THEORIES OF MOTIVATION
Content theories
Maslow (1943)
It assumes that there are nine human needs (ranging from biological requirements at the
bottom to self-actualization needs at the top).
Each of the lower needs has to be fully satisfied, before the next need becomes a
motivating force. For example, we need to satisfy our biological requirements, before we
care for affiliation needs or become interested in improving our knowledge and
understanding.
We need to feel appreciated and loved - (affiliation needs – before we endeavor to satisfy
our sense of ‘beauty’ and truth – need for aesthetics).
It assumes that, there are a set of factors which, if absent, cause dissatisfaction. They are
related to job context, job environment and extrinsic to the job itself (Hygiene or
maintenance factors). The other set of factors serve, if present, to stimulate the individual
to superior effort and performance (motivators or growth factors).
The two-factor theory does not deny the importance of the hygiene factors, but stresses
their importance to maintain a healthy work environment. If absent, even strong growth
factors would not compensate for their lack.
Content theories of motivation have been criticized as being more of a social philosophy,
reflecting white American middle-class values; and as being too vague to explain - let alone
predict - all human behavior.
For example,
How could one explain within the parameters of this theory the actions of people who
risk their lives in the pursuit of their aims, thus ‘violating’ any needs for safety and
security?
How could one explain that people forgo esteem needs for the sake of transcendence
needs?
For that matter the content theories are redundant for understanding workplace behavior. They
exert influence over management practice in areas such as job enrichment, rewards policies, self-
managing teams and so on.
Process theories
Process theories attempt to capture the dynamic of making choices with respect to desired goals.

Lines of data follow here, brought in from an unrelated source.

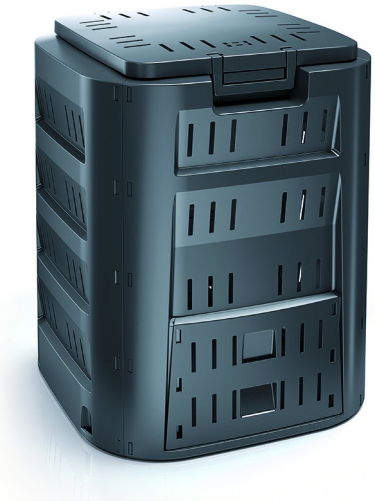 Kompostér je vyroben z modifikovaného polypropylenu, odolného vůči povětrnostním podmínkám.
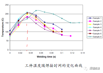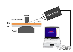 焊接工艺参数不同,导致焊机供给被焊工件的焊接总能量变化,必然引起焊接过程中的摩擦作用不同,致使焊接过程中产生的热量变化,那么焊接过程中工件的温度也将随之变化,焊头-工件接触区温度可以有效反映接头强度,可以通过测量焊接过程中工件的温度预测接头质量。但接触区温度并不是越高越好,对于每种被焊材料匹配,都有一个临界温度值,工件温度小于临界温度时,温度越高则接头强度越高;工件温度大于临界温度时,接头强度则会减弱。
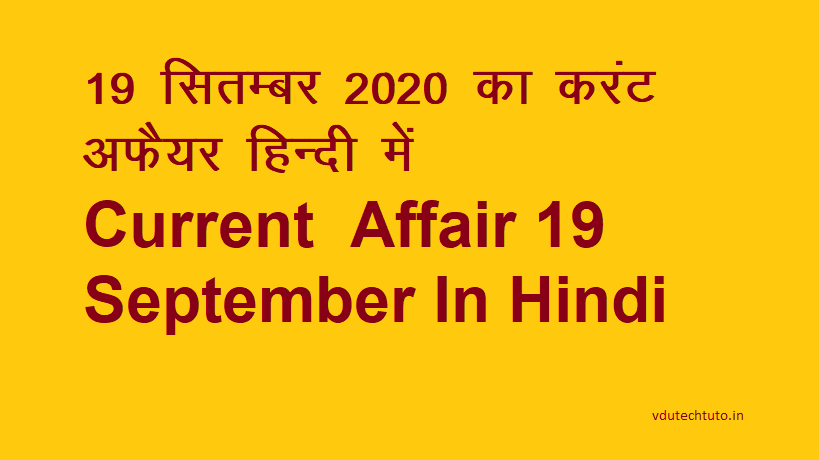 19 September 2020 Current Affairs – 19 सितम्बर 2020 का करंट अफेयर ( सामान्य ज्ञान )
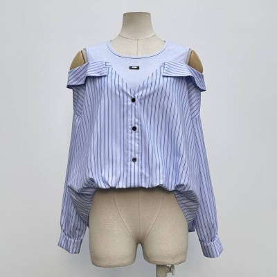 Blue and White Striped Cold Shoulder Patchwork Long Sleeve Top
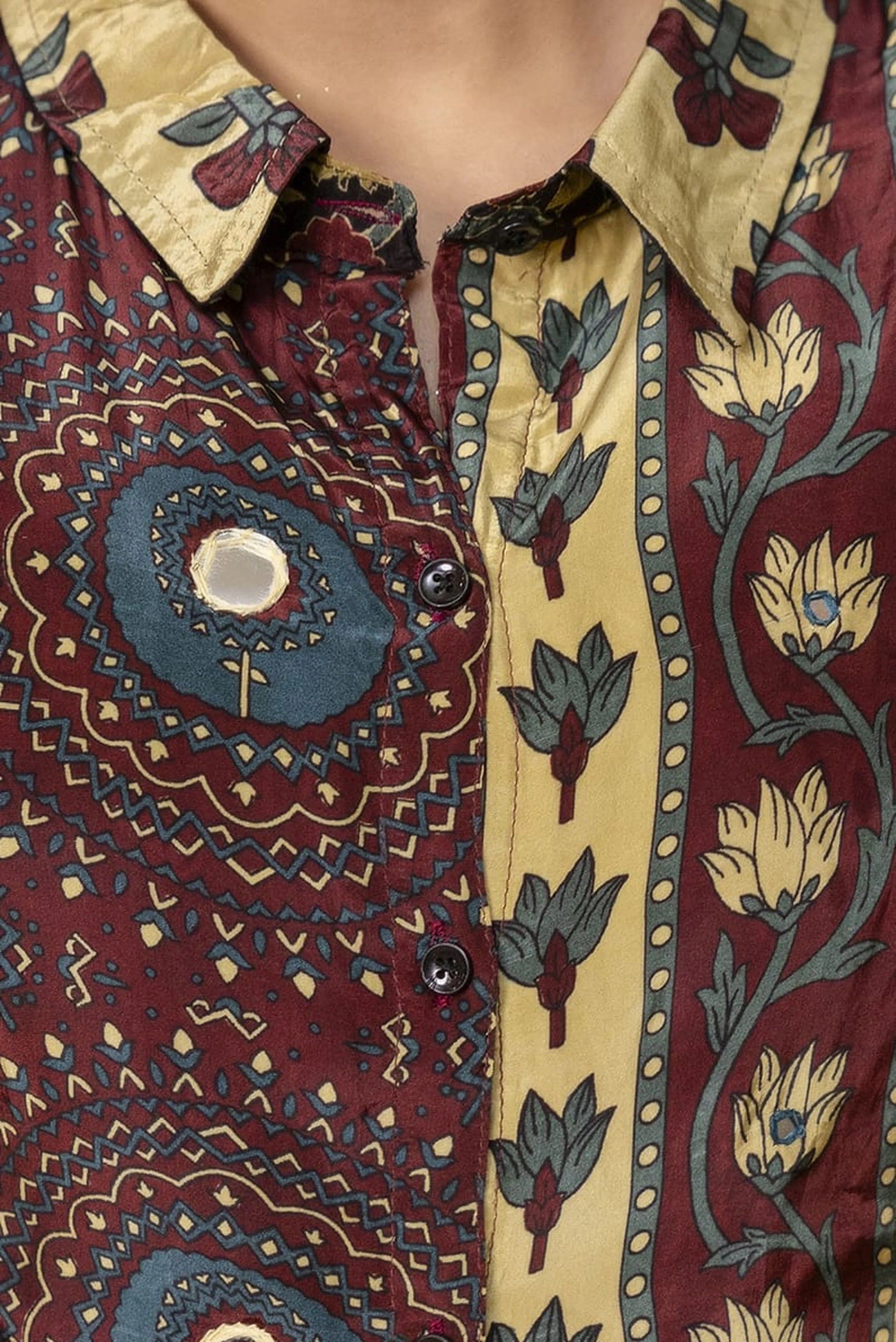 • Top Design: Shirt collar, front button fasteners, 3/4th sleeves, half mandala and half floral print, finished with hand-done mirror embroidery
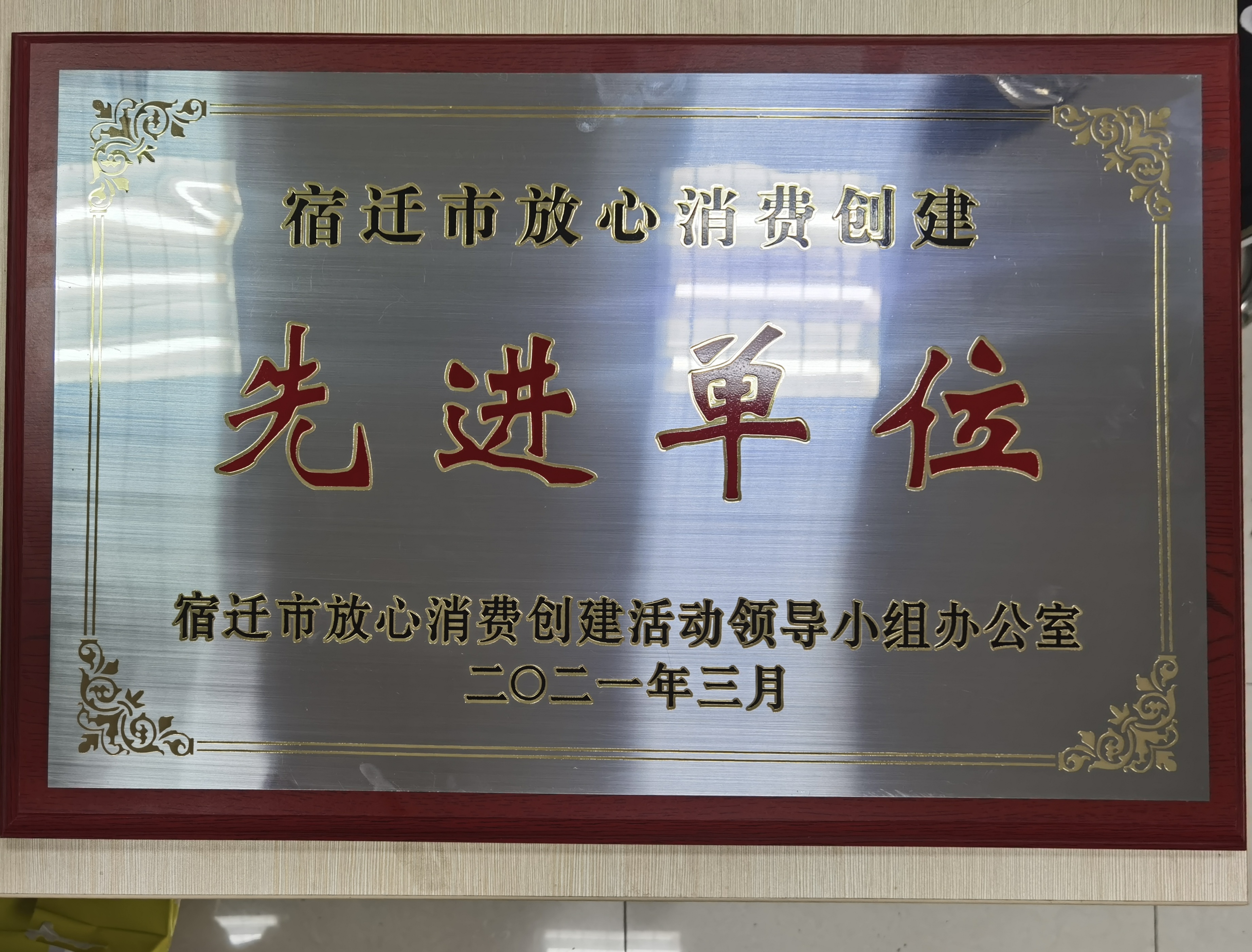 圖:“宿遷市放心消費創建先進單位”獎牌

Unlike content theories of motivation, they see the individual not as predetermined and blindly
struggling its way upward the hierarchy of needs or being satisfied with or motivated by a
different set of factors.
1. EXPECTANCY THEORY
(Vroom, 1964), Shows how work behavior is influenced by the particular wants and expectations
with particular employees, in particular circumstances bring to the organization and how and to
what extent the employer meets them.
For example,
If a (female) employee was promised and therefore expects particular childcare facilities to be
available to her, but due to over-demand they turn out not to be, her expectations might be
violated to such an extent that she leaves the organization, if she can, or alternatively she might
withhold effort or withdraw her commitment.

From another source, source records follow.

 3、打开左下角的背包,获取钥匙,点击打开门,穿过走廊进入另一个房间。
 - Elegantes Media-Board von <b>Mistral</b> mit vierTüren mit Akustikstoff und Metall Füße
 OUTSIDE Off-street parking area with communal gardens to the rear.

This individual might not be looking for her next higher need to be satisfied, but for the
opportunity to maintain her career while bringing up her children. It is also likely that the
meaning she attaches to work has changed. But, of course, this state of affairs may again change:
once the children are older, her expectations might be to be offered more challenging work and
to take on more responsibility. In other words, this employee is not ‘motivated’ by inborn drives,
but as her priorities and orientation to work change, so do her expectancies and behavior.
(Adams, 1965)
Adams gave the name ‘equity theory’ to the simple assertion that members of any
workforce wish to be treated fairly that is to say equitably in relation to others and to
avoid inequality.
Thus individual employees are in a constant process of ‘comparing’ themselves, i.e. their
pay package, their terms and conditions –to those of colleagues or even similar groups
outside the organization. Should they feel themselves to be treated unfairly, effort and
contribution will be affected negatively.
Thus, process theories of motivation offer an opportunity to understand and reflect on the
dynamic contextual and individual factors, which constitute the ‘bundle of expectations’,
which in turn influences workplace behavior.